A huge fire on Sunday tore through a floating village on Borneo, reducing more than 1,000 homes to ash and affecting over 9,000 residents, as flames raced unchecked across the tightly packed settlement.
Strong winds pushed the fire across more than four hectares, or about 10 acres, of densely packed homes in the village of Kampung Bahagia, in the eastern Malaysian state of Sabah, as about 35 firefighters battled the blaze using water tankers, a nearby factory hydrant and seawater.
It is a coastal village where many Indigenous and undocumented Malaysians live in wooden stilt houses over water.

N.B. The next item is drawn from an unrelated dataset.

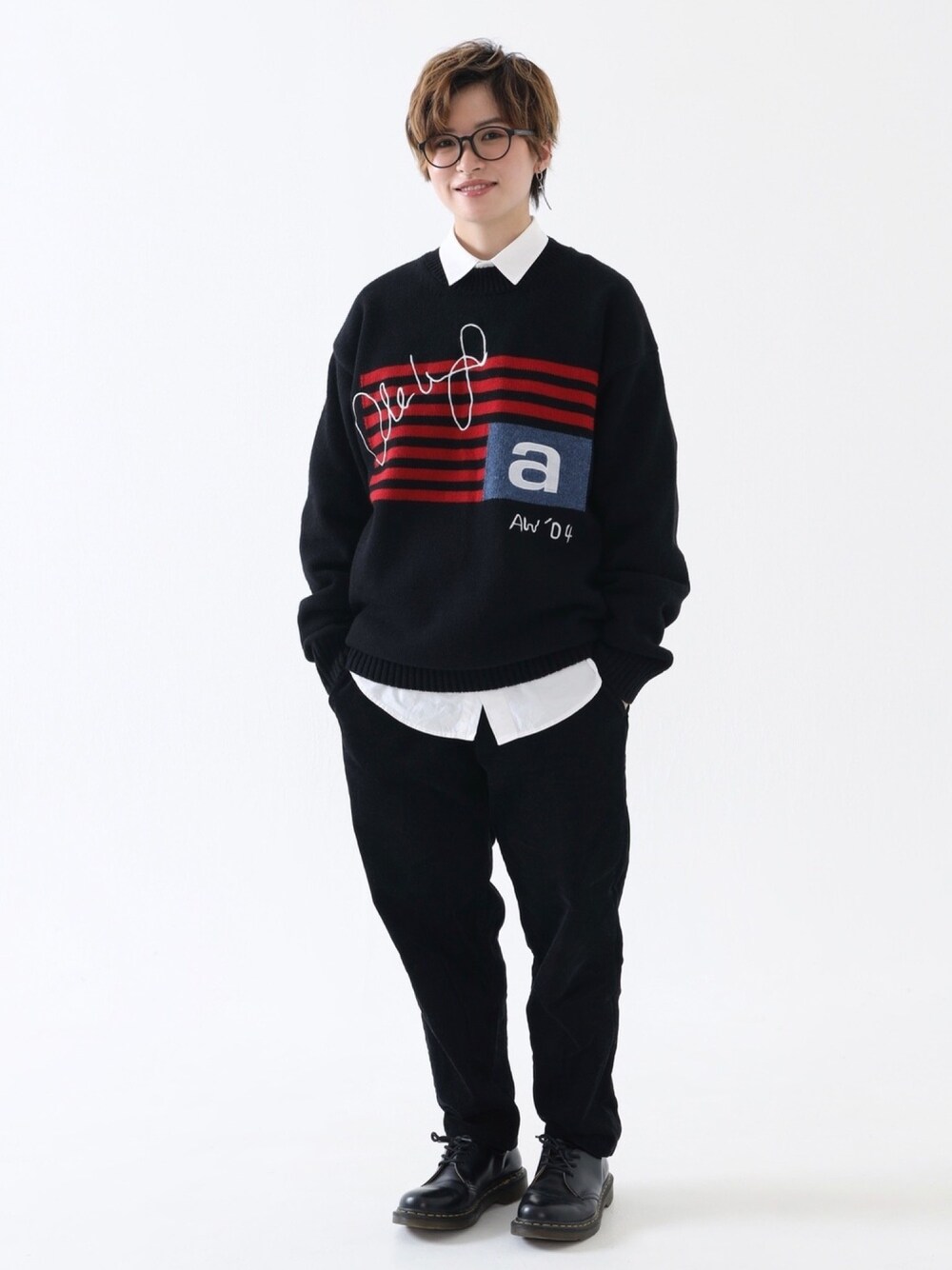 BOYSHEのニット/セーター「星条旗ラムウールクルーネックニット ブラック」を使ったコーディネート

They are some of the country’s poorest residents.
Despite the village’s location on a bay, a low tide made it hard to get sufficient water for firefighting early Sunday.

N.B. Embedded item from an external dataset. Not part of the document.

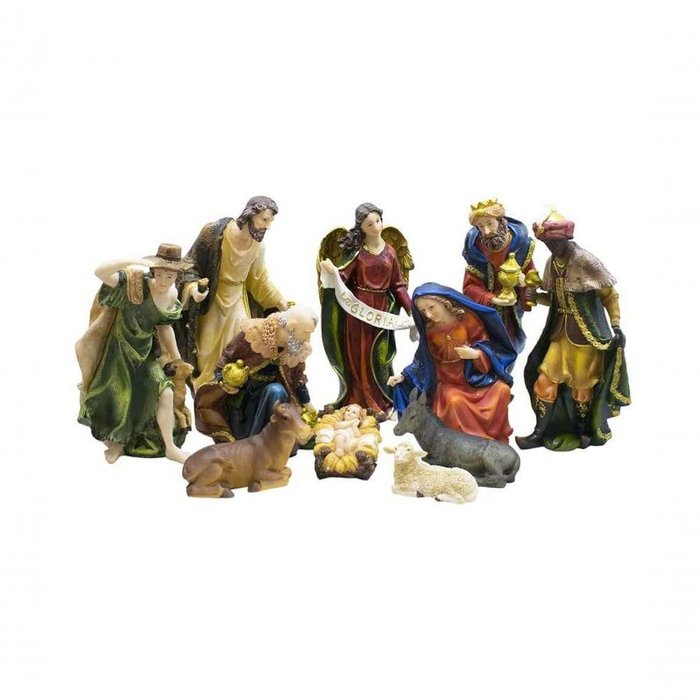 Presépio 11 Peças 30cm - Enfeite ResinaEnfeite decorativo em forma de imagem de presépio com 11 peças, cores reais. A peça mais alta tem 30 cm de altura. Material: resina dimensõesPeso (Kg): 4.00

“Four hose lines stretching 300 meters and 12 water jets were used to extinguish the fire,” said Jimmy Lagung, the chief of fire and rescue station of Sandakan District.
The cause of the fire, which broke out about 1:30 a.m. Sunday, was still unknown later in the day and was under investigation by the Fire Department.

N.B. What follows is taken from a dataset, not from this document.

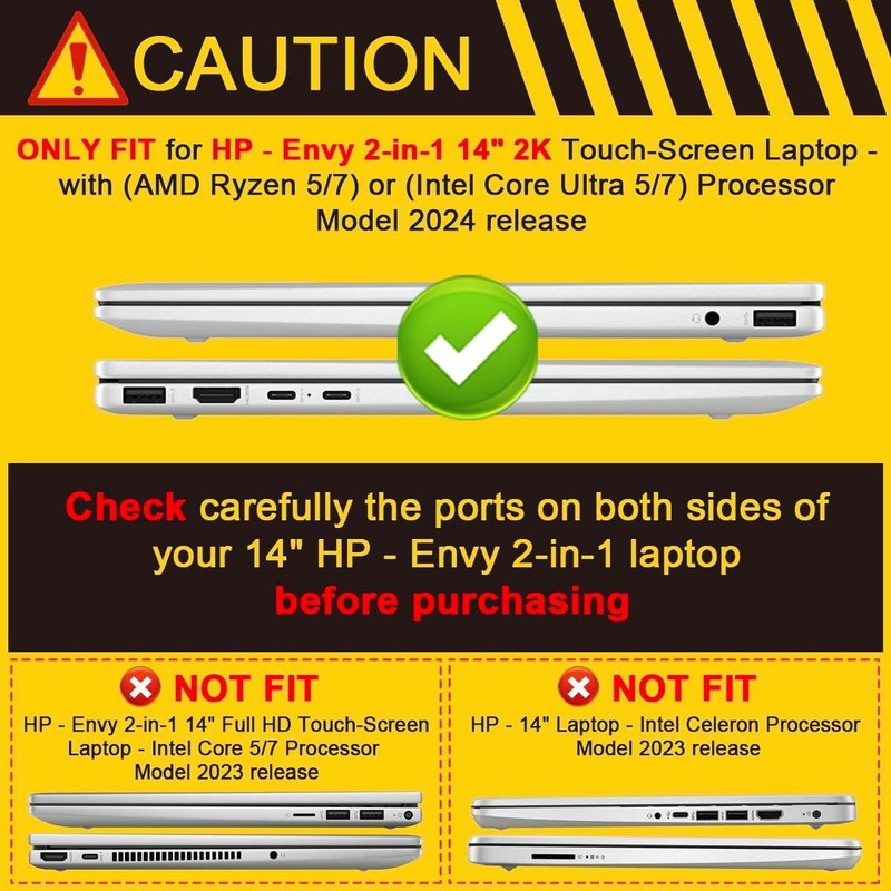 - Designed for HP-Envy 2-in-1 14-inch 2K touch screen laptops with either an (AMD Ryzen 5/7) or (Intel Core Ultra 5/7) 2024 processor, please check the USB port on the side of the computer to make sure you purchase it as shown in Figure 2.

However, a local news outlet reported that the village head, Sharif Hashim Sharif Iting, said the blaze began in a house where someone lost control of the fire in a gas stove while cooking.
No deaths have been reported so far, said George Abd Rakman, the Sandakan District police chief assistant commissioner, adding that several residents were hurt while trying to help others and salvage their belongings.
“This is a very large-scale and heartbreaking incident, involving 9,007 residents,” he told reporters on Sunday in the village, which had about 1,200 homes. The area has been declared a disaster zone.
Sheets of zinc lay crumpled and blackened, stretching across the ground in every direction, as if the fire had flattened the entire village in a single sweep. Homes were no longer recognizable structures, just charred debris under a hazy sky.
The blaze was a humanitarian tragedy affecting thousands of residents in the blink of an eye, said Mustapha Sakmud, the minister in charge of Sabah and Sarawak Affairs in the Prime Minister’s Department, which encompasses many government agencies.
“Imagine, in a single night, there were children who lost their shelter, parents who lost all their possessions, and families who were left with nothing but the clothes on their backs,” he said in a statement on Sunday.
Prime Minister Anwar Ibrahim of Malaysia said the government was coordinating with the Sabah authorities to temporarily relocate those affected.